Can you copy out the data exactly? Leave the images out.
══ Source data ══
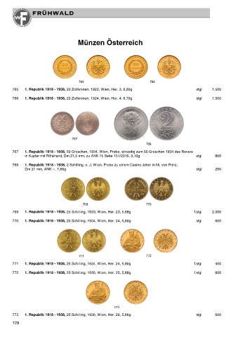 766 1. Republik 1918 - 1938, 20 Zollkronen, 1924, Wien, Her. 4, 6,78g stgl 1.500
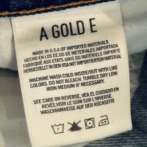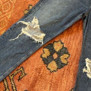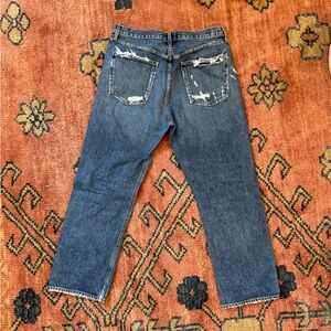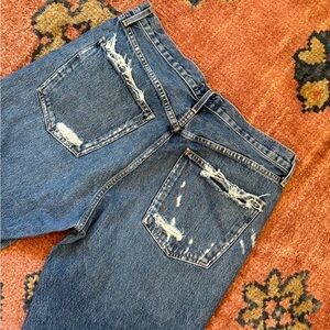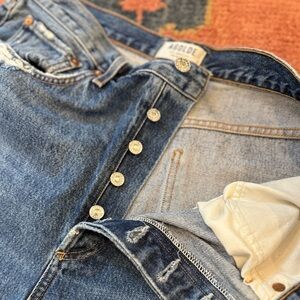Agolde 90s style jeans with a loose fit straight leg cut. Holes around knees area and distressing at pockets and upper right thigh (see pics). Button fly. High waist. Hits right around ankle. Preowned in Excellent Condition!
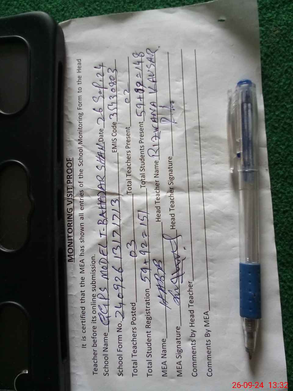| Name: SA**** AZ**** Designation: (School Headmaster's/Headmistress's) PST Phone/Cell Number: 03**** |
═══
▶ [Response area]:
 766 1. Republik 1918 - 1938, 20 Zollkronen, 1924, Wien, Her. 4, 6,78g stgl 1.500
Agolde 90s style jeans with a loose fit straight leg cut. Holes around knees area and distressing at pockets and upper right thigh (see pics). Button fly. High waist. Hits right around ankle. Preowned in Excellent Condition!
| Name: SA**** AZ**** Designation: (School Headmaster's/Headmistress's) PST Phone/Cell Number: 03**** |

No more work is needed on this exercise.